The magnitude of the problem is shown in the pie chart below.

How could wind and solar, currently supplying 3 percent of the world’s energy, grow to replace the 85 percent supplied by coal, oil, and natural gas?

The percentage could be increased by drastically reducing total energy, as by getting rid of “fossil fuels.” The federal government could conceivably shut down coal mining, fracking, off-shore drilling, refineries, and pipelines—within the U.S., and then ban imports.

In his ABC town hall, Joe Biden said, “There are well over 100,000 [gas?] wells that are left uncapped in the region [Pennsylvania?]. We could hire 128,000 of these people who are working in the industry to cap these wells and get a good salary doing it now, number one.”

We can’t get to 100 percent renewables by 2030 as promised by the Green New Deal, he said.
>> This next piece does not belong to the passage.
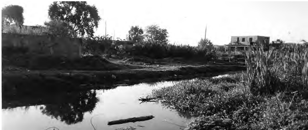
Figure 2. Some of the wetlands in Vila Rosario. Lush growth benefit from heat and nutrition-rich water.

We must transition to a “place where we get to net zero emission including in agriculture. I’ve laid out a detailed plan…. “We can do things like pelletize all the chicken manure and all the horse manure and cow manure and they can be—and take out the methane and use it as fertilizer and make a lot of money doing it.”

What can we learn from other countries that are far ahead of us in renewables? Germany generates more than 30 percent of its electricity from renewables. South Australia has a 50 percent renewable energy generation target for 2025, getting around 40 percent of its electricity currently from intermittent renewables such as wind. What has happened?

  • Germany has among the highest electricity prices in the world (3 times those in the U.S.).
  • In South Australia, rates have frequently hit above $10/kWh (cf $0.12 in U.S. and $0.35 in Germany). Cold weather caused prices to rise 100-fold.
  • Energy-intensive industry is relocating to Asian countries that have reliable, affordable power.
  • Brownouts and blackouts can result when intermittent sources generate too much or too little power, causing expensive equipment to fail at industrial facilities. Last year, Germany paid wind farms $548 million to switch off in order to prevent damage to the country’s electric grid.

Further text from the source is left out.